Exercices ventre plat pour les personnes minces

July 21

Exercices ventre plat pour les personnes minces

Alors un petit cadre peut donner l'apparence de remise en forme, le ventre flab peut encore être un problème pour les personnes minces. Gagner un ventre plat et faire des exercices abdominaux cinq à sept fois par semaine. Alors que de nombreux exercices peuvent être effectués à la maison sans équipement, gagner plus de muscle en utilisant des machines de sport qui ajoutent du poids et de la résistance à vos séances d'entraînement de l'estomac.

Craquements



Utilisez un ballon d'exercice pour réduire les douleurs cervicales et dorsales tout en travaillant.

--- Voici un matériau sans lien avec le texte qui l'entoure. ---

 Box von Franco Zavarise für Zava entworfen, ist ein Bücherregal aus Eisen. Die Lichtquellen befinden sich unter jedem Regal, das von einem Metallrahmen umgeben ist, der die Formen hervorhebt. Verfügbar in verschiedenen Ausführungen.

Pour un ventre plat, isoler les muscles de l'estomac en faisant des craquements. Il existe de nombreuses variantes de la crise standard pour différents niveaux de forme physique. Si en bonne forme physique, allongé sur le dos sur une base solide avec les genoux pliés et les pieds à plat sur le sol. Avec vos mains derrière votre tête, serrez votre estomac des muscles abdominaux inférieurs à votre cage thoracique. Gardez l'estomac serré, et de garder la pression sur le cou que vous soulevez jusqu'à 45 degrés. Pour ajouter de l'intensité, le lieu de 5 à 10 lb. poids sur l'estomac que vous croquer, ou de soulever vos pieds sur le sol et les étirer au-dessus du sol comme votre crunch. Pour ceux avec des douleurs, utiliser un ballon d'exercice, qui prend la pression sur le cou et le dos. Placez votre milieu et le bas du dos sur le ballon, les pieds fermement sur le sol et vos mains derrière votre tête que vous croquez la hausse. Utilisez la même technique que le resserrement du sol.

Haute intensité Abs



Essayez de toucher vos orteils pendant le couteau de prise de bénéficier le plus de l'exercice.

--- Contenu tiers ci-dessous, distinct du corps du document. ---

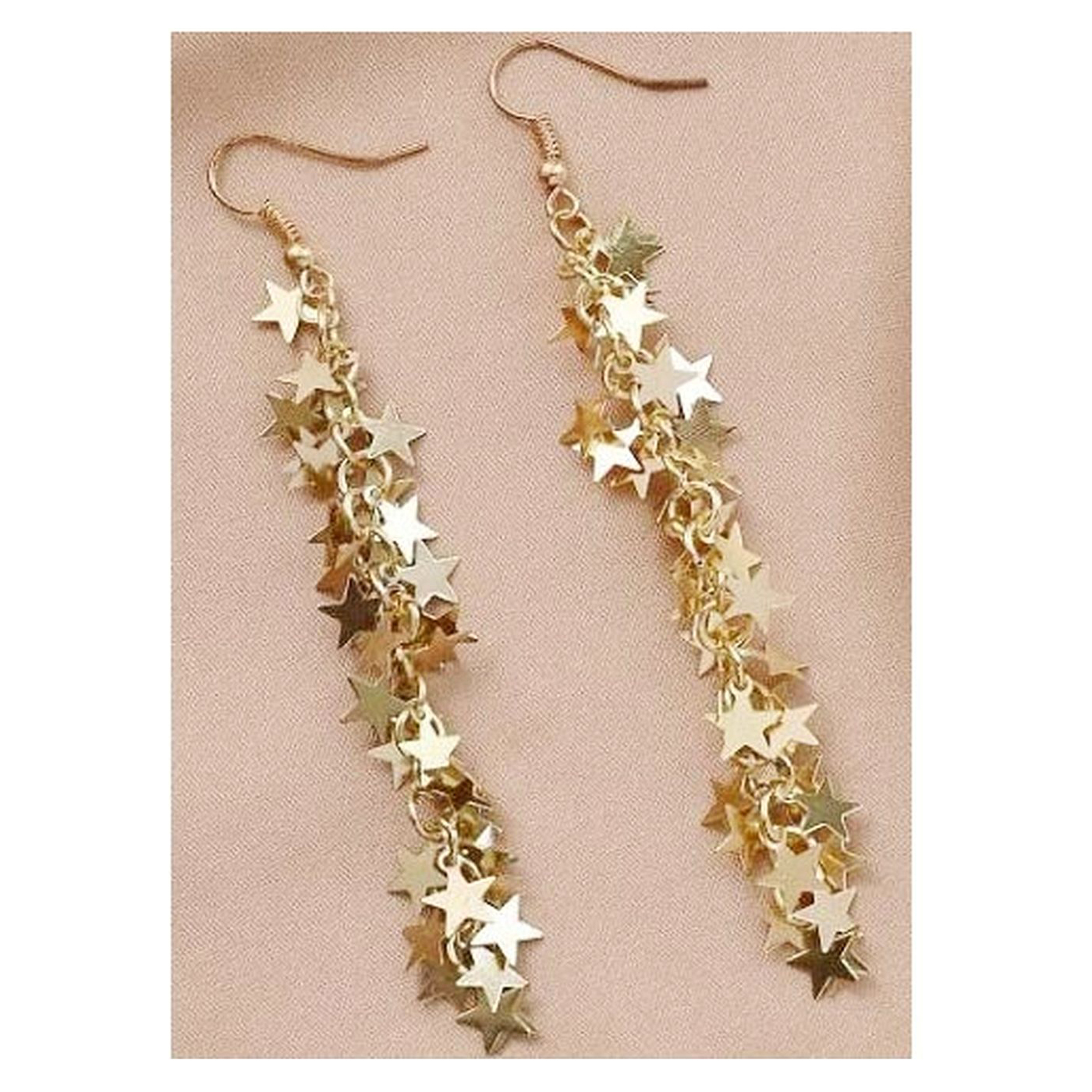 As shown is a high-fashion golden plated star parts and charm drop earring.

Pour plus d'intensité que la crise du standard, essayez le resserrement du vélo. Pour effectuer cet exercice, allongé sur le dos, placez vos mains derrière votre tête, étirer les jambes et soulevez les deux pieds sur le terrain d'environ 2 pouces. Pliez votre genou gauche que vous apportez votre coude droit au plus près du genou que possible, et les côtés alternatifs. Gardez les épaules et les pieds levés en tout temps, avec un élan vers le haut. Un autre de haute intensité ab séance d'entraînement est le jackknife. Allongez-vous sur le sol avec les bras et de la jambe tendue, avec les pieds joints. Apporter simultanément les bras et les jambes, gardez membres aussi droite que possible, et de toucher ainsi au milieu et en haut.

Équipement Ab

Machines avec la résistance, pentes et a ajouté du poids peuvent ajouter beaucoup de muscle pour toutes les tailles de personnes - petite, moyenne ou grande. équipement de Incline tels que des bancs et des panneaux font le resserrement moyenne ou sit-up beaucoup plus difficile, mais offrent de meilleurs résultats. De même, l'utilisation d'équipements de relance du genou vertical est difficile mais efficace. Tenez-vous bien sur vos avant-bras, saisir les poignées et balancer vos pieds vers le bas. Sans cambrer le dos, mettre les genoux à la poitrine ou aussi loin que possible. Effectuer le resserrement ab accrocher l'aide de sangles spéciales à la salle de gym, et obtenir des résultats similaires à l'augmentation du genou verticale. La Machine du Yukon Crunch abdominale est une pièce d'équipement qui cible à la fois les abdos supérieure et inférieure en ajoutant du poids réglable à la machine. Vous positionnez-vous sur la machine avec une légère inclinaison, mais toujours dans une position assise. Poignées dessus de la tête pour vos mains, et des sangles ci-dessous pour vos pieds permettent la crise à effectuer.